No, we’re in agreement. The point of the post is how silly it is for the RIAA to get upset about things like this — and they have. Plenty of music (not just jazz) is built on older music, which is why it’s silly that the recording industry gets so upset about it. That was the point of the post. We agree with you.

I’m kind of sad to see something so rediculous on this site, it’s usually a great read.

Why are you upset? We agree with you.

Anonymous Coward says:

Not the right question

I agree. Copyright (while necessary, though not in its current form) is extended for an obscenely long time in the US. The UK is a bit better, though not by much.

Pachelbel’s Canon has been the basis of many already famous songs including “Hook” by Blues Traveler and “Basket Case” by Green Day.
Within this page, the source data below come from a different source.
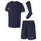 Komplet Nike pro děti se osvědčí během aktivit. Technologie Dri-FIT zajišťuje pocit sucha a pohodlí. Elastický pas v šortkách je podšitý síťovinou, což zajišťuje prodyšnost. Síťovina na zadní straně trička zvyšuje ventilaci. Standardní střih poskytuje plnou volnost pohybů. V sadě se nachází tričko, šortky a podkolenky.
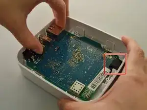 Чтобы удалить материнскую плату, возьмитесь за USB-порт и Ethernet-порт. Поднимите вверх, затем сдвиньте к передней части устройства, чтобы освободить материнскую плату от черного удерживающего зажима, показанного справа.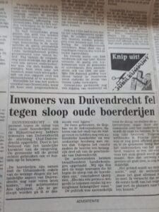 Dorp in Actie vertelt hoe de boerderijen Sophia’s Hoeve en Antoniushoeve gered zijn van de sloop als rijksmonumenten, ondanks plannen van de gemeente Ouder-Amstel. De inzet van Jopie Euwe, Ans Quirijnen en Jo Blom – en de oprichting van Stichting Oud-Duivendrecht – was hierin cruciaal. Dankzij hun toewijding kregen de boerderijen zowel lokale als landelijke aandacht.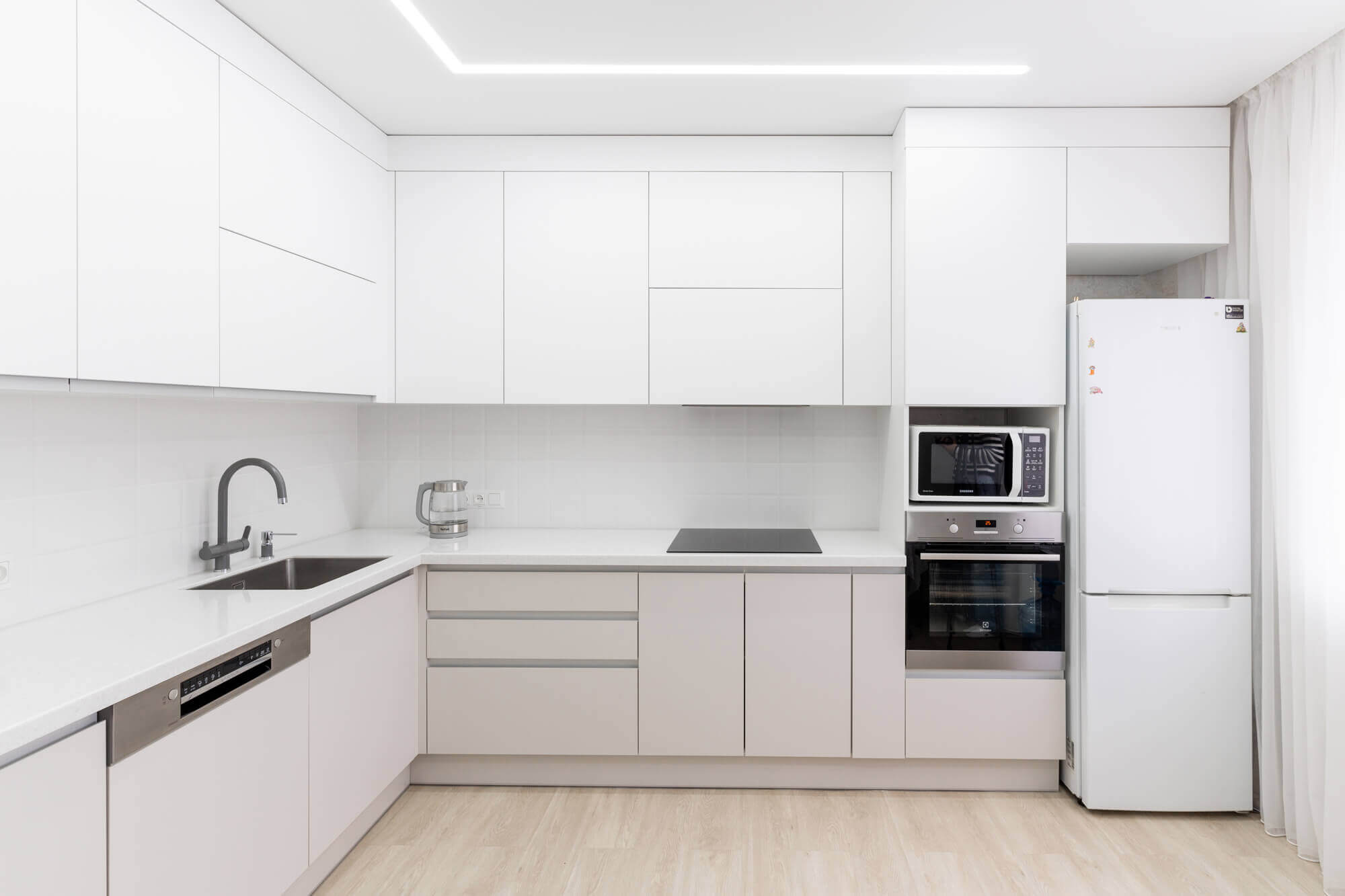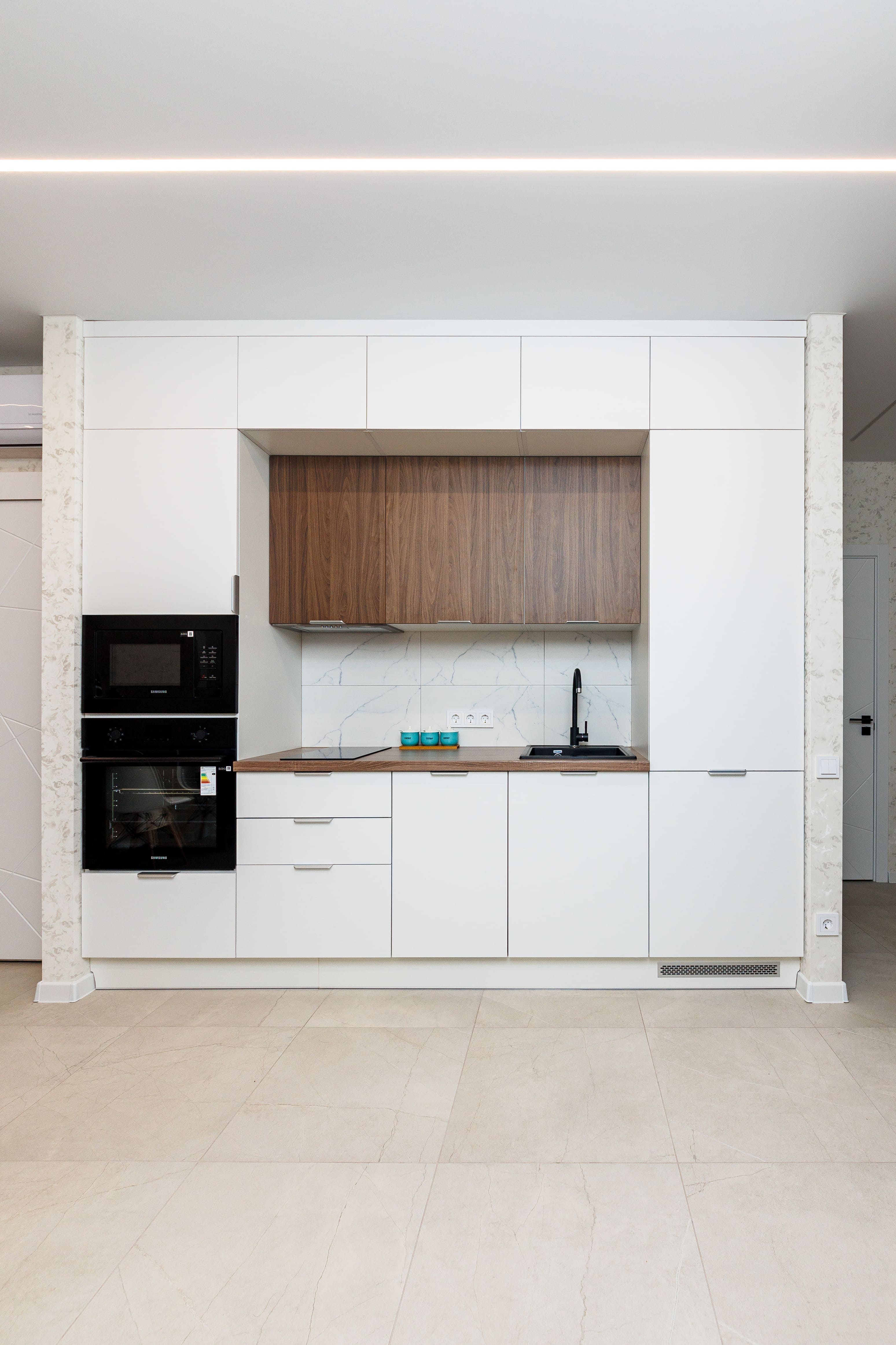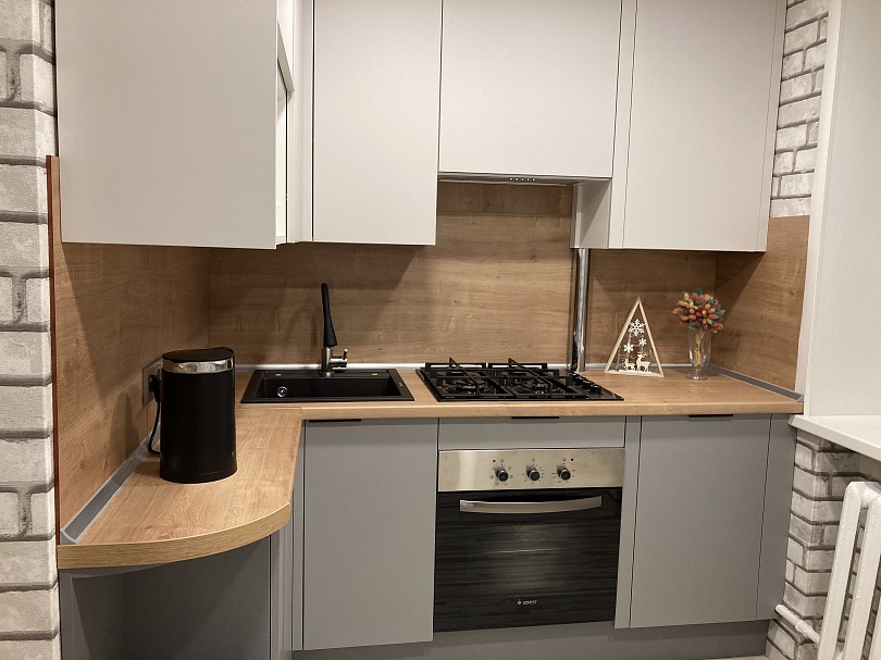 Кухня поставляется со всем необходимым, включая столешницу. Дополнительно подберем бытовую технику и сантехнику.

Many people have heard Nirvana’s rendition of “Where did you sleep last night” and enjoyed it (I like the original better, but they didn’t do a bad job on it). I’d hate to imagine a world where some of the great blues songs couldn’t be interpreted…..oh, wait.

Kyle says:

Wedding Music Notes

As an organist in the Episcopal Church, the most frequently request processional is “Trumpet Tune” by Jeramiah Clark (erroneously attributed to Henry Purcel). However, you all have valid comments and contributions. The Wagner piece is discouraged by some religions because in the context of the opera the wedding occurs between two animals. Whatever.

bassmanpdx says:

Fair use?

I would argue that performing a piece written by someone else is fair use. Otherwise, there would be no bar bands. The minimal compensation a performer receives at that level does no harm to the composer.

However, when an artist “samples” an existing work for his/her own album, and the resulting work is of interest primarily because of the qualities of the sampled work, and the artist makes substantial money from this derivative work, then I think the original composer deserves a piece of cake. I don’t want to rag on hip-hop and rap too much, because they are viable forms in their own right, but it does not take a lot of talent to lift whole chunks of previous hit records, put a new drum track under them, and intersperse them with “yeeeeaaahhh…..yeeeeaaahhh….come AWN, come AWN…” To me, that’s just a non-talent ripping off talent.